Myocardial Injury in Peritoneal Dialysis Patients Assessed by Multiparametric MRI: Relationship With Left Ventricular Phenotypes

J Magn Reson Imaging. 2024 Feb 4. doi: 10.1002/jmri.29261. Online ahead of print.

Abstract

Background: Myocardial injury is common in end-stage renal disease (ESRD) patients, but the presence and severity of myocardial injury in different left ventricular (LV) phenotypes were still not fully explored.

Purpose: To evaluate myocardial tissue characteristics and deformation in ESRD patients on peritoneal dialysis separated into normal geometry, concentric remodeling, concentric left ventricular hypertrophy (LVH) and eccentric LVH patterns by multiparametric cardiac MRI.

Study type: Prospective.

Population: A total of 142 subjects, including 102 on peritoneal dialysis (69 males) and 40 healthy controls (27 males).

Field strength/sequence: At 3.0 T, cine sequence, T1 mapping and T2 mapping.

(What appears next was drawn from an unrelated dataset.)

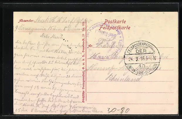 alte Ansichtskarte, gelaufen 1915, guter Zustand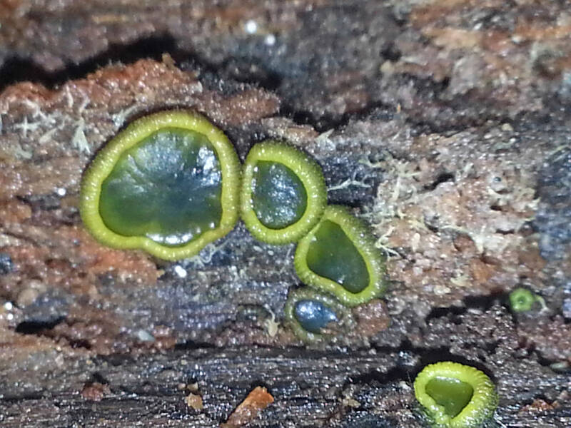 Groen franjekelkje (Aeruginoscyphus sericeus) Rheden 14-10-2017. Z 8

Assessment: LV mass index and LV remodeling index were used to create four subgroups with normal geometry, concentric remodeling, concentric LVH, and eccentric LVH. LV function, strain and strain rate, myocardial native T1 and T2 were measured.

Statistical tests: Descriptive statistics, analysis of variance and analysis of covariance, Pearson/Spearman correlation, stepwise regression, and intraclass correlation coefficient. P-value <0.05 was considered statistically significant.

Results: Even in normal geometry, LV strain parameters still diminished compared with the controls (global radial strain: 30.5 ± 7.7% vs. 37.1 ± 7.9%; global circumferential strain: -18.2 ± 2.6% vs. -20.6 ± 2.2%; global longitudinal strain: -13.3 ± 2.5% vs. -16.0 ± 2.8%). Eccentric LVH had significantly lower global circumferential systolic strain rate than concentric LVH (-0.82 ± 0.21%/- second vs. -0.96 ± 0.20%/- second). Compared with the controls, the four subgroups all revealed elevated native T1 and T2, especially in eccentric LVH, while concentric remodeling had the least changes including native T1, T2, and LV ejection fraction. After adjusting for covariates, there was no statistically significant difference in T2 between the four subgroups (P = 0.359).

Data conclusions: Eccentric LVH is associated with the most pronounced evidence of myocardial tissue characteristics and function impairment, while as a benign remodeling, the concentric remodeling subgroup had the least increase in native T1. This study further confirms that native T1 and strain indicators can reflect the severity of myocardial injury in ESRD, providing better histological and functional basis for future grouping treatments.

Level of evidence: 1 TECHNICAL EFFICACY: Stage 3.

Keywords: cardiac magnetic resonance imaging; end-stage renal disease; left ventricular phenotype; native T1/T2 mapping.